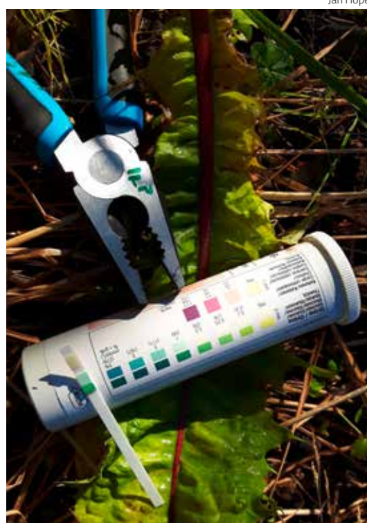
Figure 2: Testing dandelion ( Taraxacum officinale ) leaves for glucose, showing a lower glucose concentration than in berries
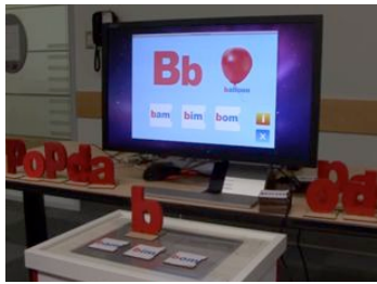
Figure 3. In level 1, a child placed a tangible letter “b” and three letter cards on the interactive table. Digital images and sounds were triggered.
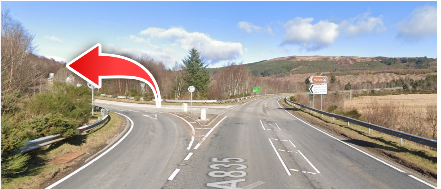
At the junction, take left for A832 (signposted for NC500) (15.5 Miles)
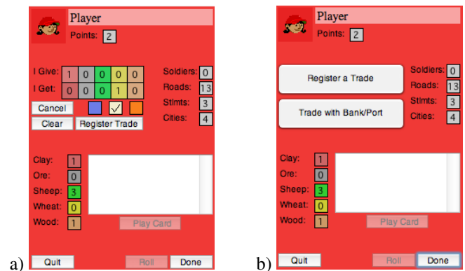
Figure 2: (a) A player’s hand panel in JSettlers. (b) The modified hand panel during normal game play. Trade is agreed via the chat interface prior to using the panel to register the trade.

In contrast to other task-oriented dialogues, e.g., the map task (Anderson et al., 1991; Guhe & Bard, 2008), The Settlers
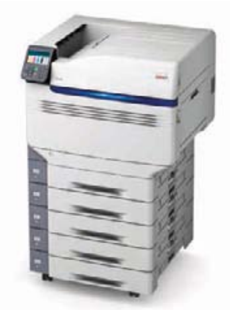
Paper capacity expandable to 2,950 sheets max. (shown with optional 2nd tray and high-capacity feeder with casters)
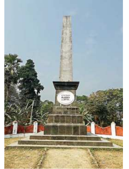
Plassey Monument at the battlefield of Plassey.
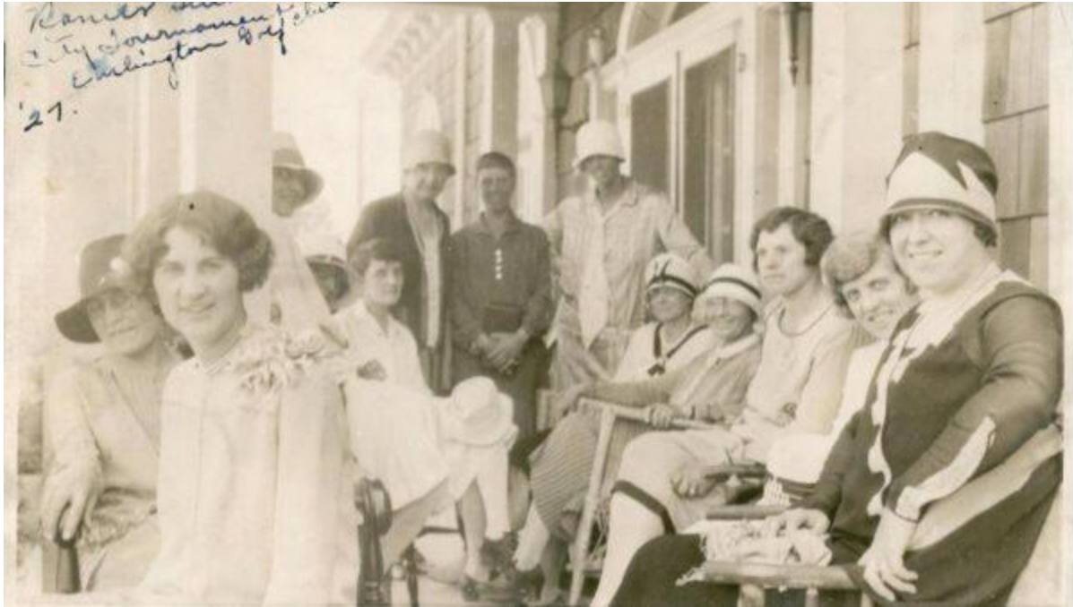
Charter members at Earlington G&CC in 1927.

The mission of the Washington State Women's Golf Association is to promote the game of golf, competition, and camaraderie for women, of all skill levels, who are members of recognized clubs within the WSWGA.
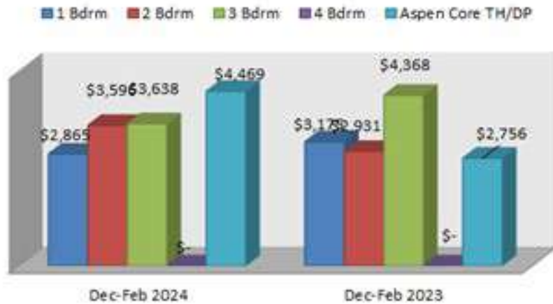
Avg Sold $ / Sq Ft
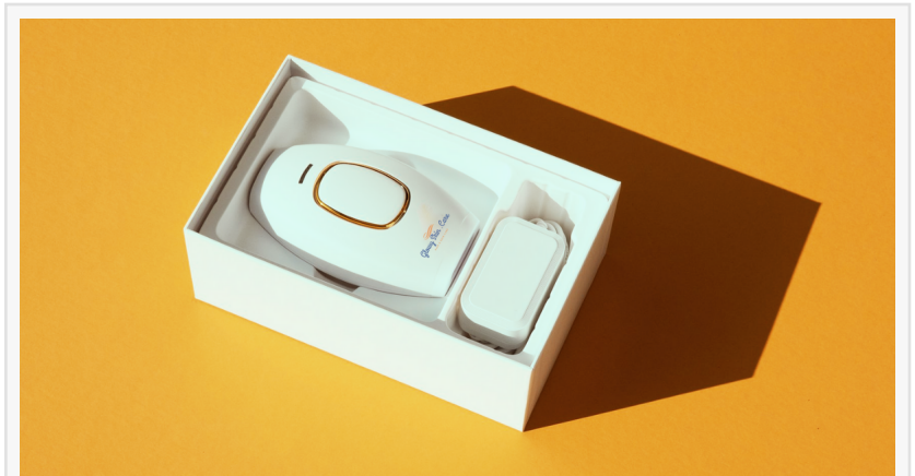
At-Home Hair Removal

use the product. At first, I was a bit nervous about using it on my body, but then I tried it, and it worked perfectly. I set it at maximum intensity, and it helped to remove hair on the entire leg fast, without any pain or dark spots. I will repurchase it if I have to and also recommend it to others."
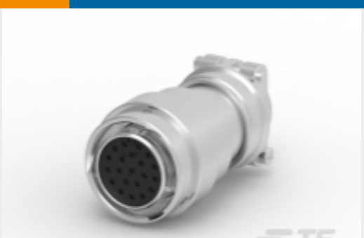
TE Part # HD36-18-21SN-059 PLG,21P,AL,N, CBL CLMP BT, DRAIN, 20,S,MC
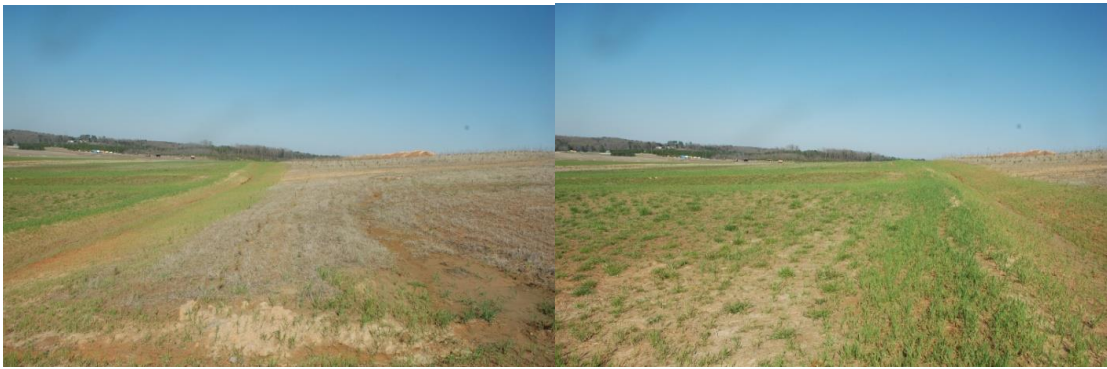
Figure 7. Wheat strips and winter ground cover on 18 March, 2009.
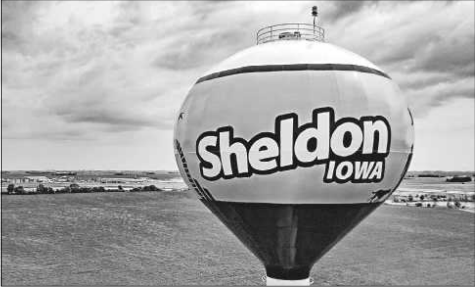
Sheldon's second water tower at Country Club Road and 16th Street features a black and orange paint job with the white lettering. (File photo)

The project will go out to bid on Feb. 13, and the council will award the project during its meeting scheduled for 4:30 p.m. Feb. 19.
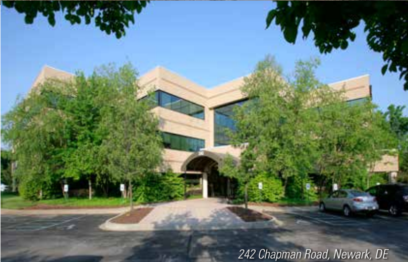
242 Chapman Road, Newark, DE
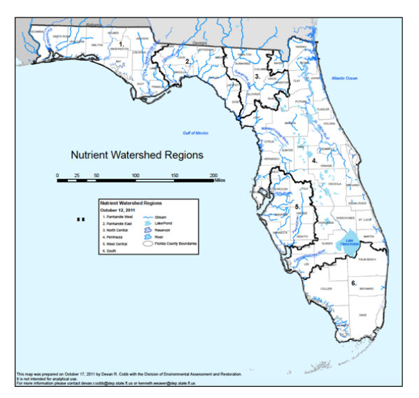
Figure 1. Map showing nutrient thresholds areas for streams set forth by FDEP.

https://www.flrules.org/gateway/RuleNo.asp?title=SURFACE%20WATER%20QUALITY%20STANDAR DS&ID=62-302.531).
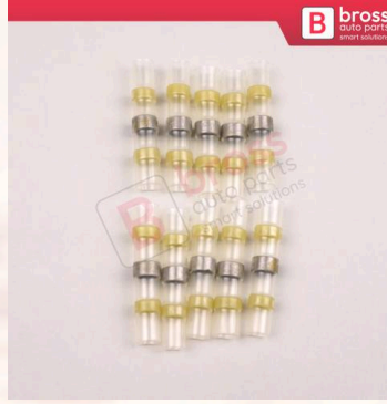
BHC503 10 Pieces Heat Shrinkable Crimp Solder Sleeves Butt Connectors for 40 60 mm 2 Cable Transparent Yellow. Lenght39 mm
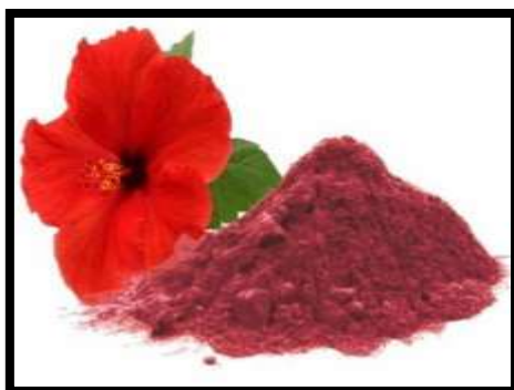
Fig.3. Hibiscus flower
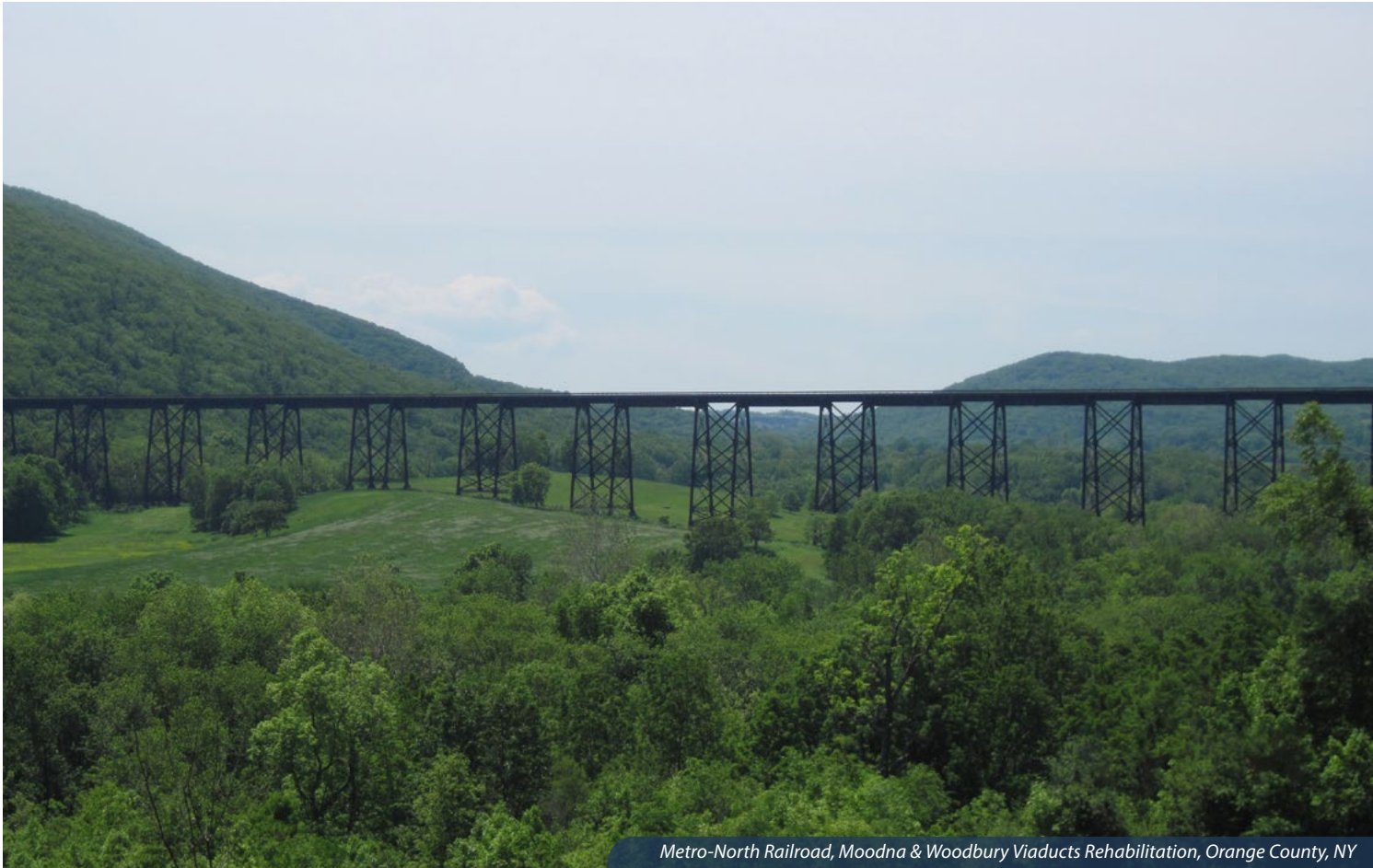
Metro-North Railroad, Moodna & Woodbury Viaducts Rehabilitation, Orange County, NY

**Exercise aim:** Where a line contains "TE Part # HD36-18-21SN-059", begin there and set down exactly each line through the end of the data above, omitting any pictures.

**Task output:**
TE Part # HD36-18-21SN-059 PLG,21P,AL,N, CBL CLMP BT, DRAIN, 20,S,MC
Figure 7. Wheat strips and winter ground cover on 18 March, 2009.
Sheldon's second water tower at Country Club Road and 16th Street features a black and orange paint job with the white lettering. (File photo)

The project will go out to bid on Feb. 13, and the council will award the project during its meeting scheduled for 4:30 p.m. Feb. 19.
242 Chapman Road, Newark, DE
Figure 1. Map showing nutrient thresholds areas for streams set forth by FDEP.

https://www.flrules.org/gateway/RuleNo.asp?title=SURFACE%20WATER%20QUALITY%20STANDAR DS&ID=62-302.531).
BHC503 10 Pieces Heat Shrinkable Crimp Solder Sleeves Butt Connectors for 40 60 mm 2 Cable Transparent Yellow. Lenght39 mm
Fig.3. Hibiscus flower
Metro-North Railroad, Moodna & Woodbury Viaducts Rehabilitation, Orange County, NY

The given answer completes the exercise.